То же самое происходило и с Кальвином. Подкатись кто-нибудь с таким вопросом к нему, он бы ответил, что Элизабет Зотт – самое большое его сокровище на всем белом свете, не по причине ее красоты, не по причине ее ума, а просто потому, что она его любит, а он любит ее – с той полнотой чувства, убежденности и доверия, которая и составляет основу их взаимной преданности. Они стали больше чем друзьями, больше чем собеседниками, больше чем влюбленными, больше чем союзниками, больше, чем любовниками. Любые отношения – это всегда пазл, но их мозаика сложилась в один момент: словно кто-то потряс коробку и сверху наблюдал, как отдельные фрагменты приземляются в нужной точке, подгоняются по размеру и форме, прочно соединяясь в осмысленную, идеальную картину. Другие пары, глядя на них, мучились от зависти.
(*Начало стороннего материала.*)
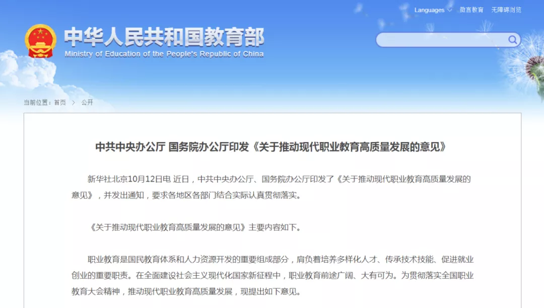 2021年10月12日,中共中央办公厅、国务院办公厅印发了《关于推动现代职业教育高质量发展的意见》,并发出通知,要求各地区各部门结合实际认真贯彻落实。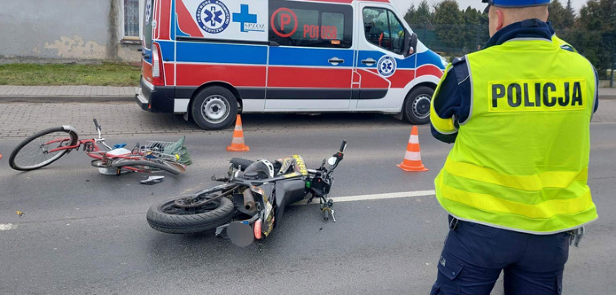 Zdarzenie miało miejsce w piątek około godziny 14.30 na ulicy Łąkowej w Kościanie. 67-letni mieszkaniec Kościana kierując rowerem wykonał nieprawidłowy manewr włączenia się do ruchu wyjeżdżając wprost pod nadjeżdżający skuter marki Derbi, którym kierował 17-letni mieszkaniec gminy Krzywiń.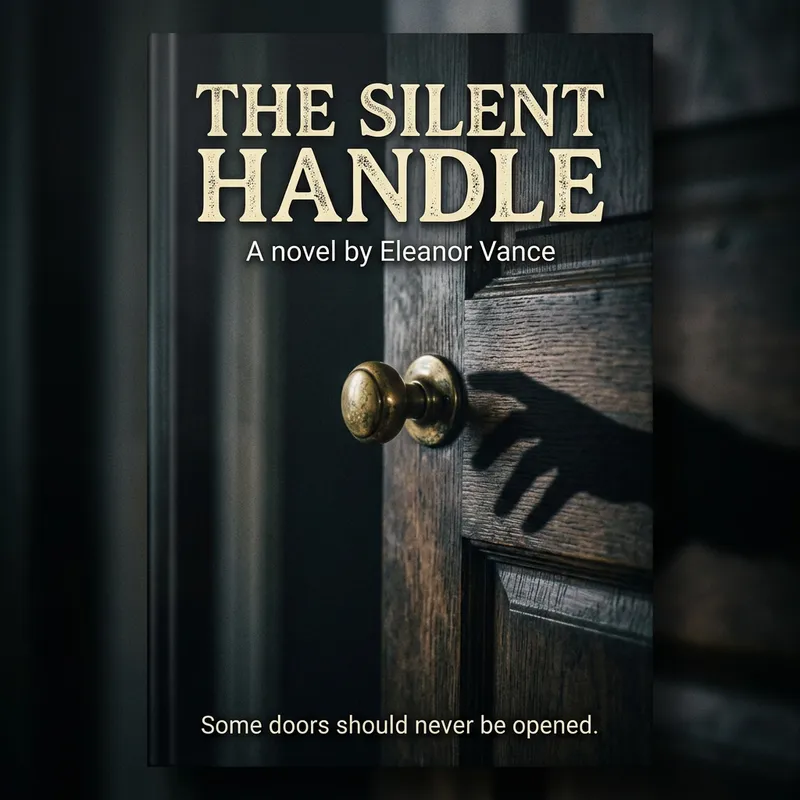 Generate a book cover created with a focus on a door handle and a shadow of a hand about to open the door.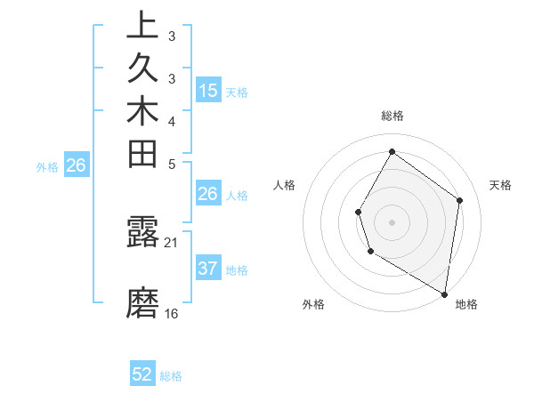 上久木田 露磨さんの総格は52画の4点!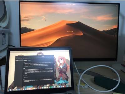 笔记本连接显示器显示效果非常棒, 连接笔记本hdmi 2.0的接口能开到60hz,效果真的很不错。

По ночам, после интимной близости, они всегда оказывались в одной и той же позе, на спине – его нога закинута на ее ногу, ее рука у него на бедре, его голова наклонена вбок, поближе к ней, – и разговаривали. Иногда о предстоящих задачах, иногда о своем будущем и всегда о работе. Невзирая на изнеможение обоих, разговор нередко продолжался за полночь: не важно, заходила ли речь о полученных результатах или о какой-нибудь формуле, но в конце концов один из двоих непременно вставал, чтобы сделать несколько записей. Если у других пар взаимное влечение отодвигает работу на задний план, то у Элизабет с Кальвином все было с точностью до наоборот. Даже в нерабочее время они продолжали работать, поощряя изобретательность и творческие способности друг друга уже тем, что смотрели на них под новым углом зрения, а научное сообщество впоследствии поражалось результативности этой пары, но поразилось бы еще сильнее, прознав, что бóльшую часть идей авторы разрабатывают в голом виде.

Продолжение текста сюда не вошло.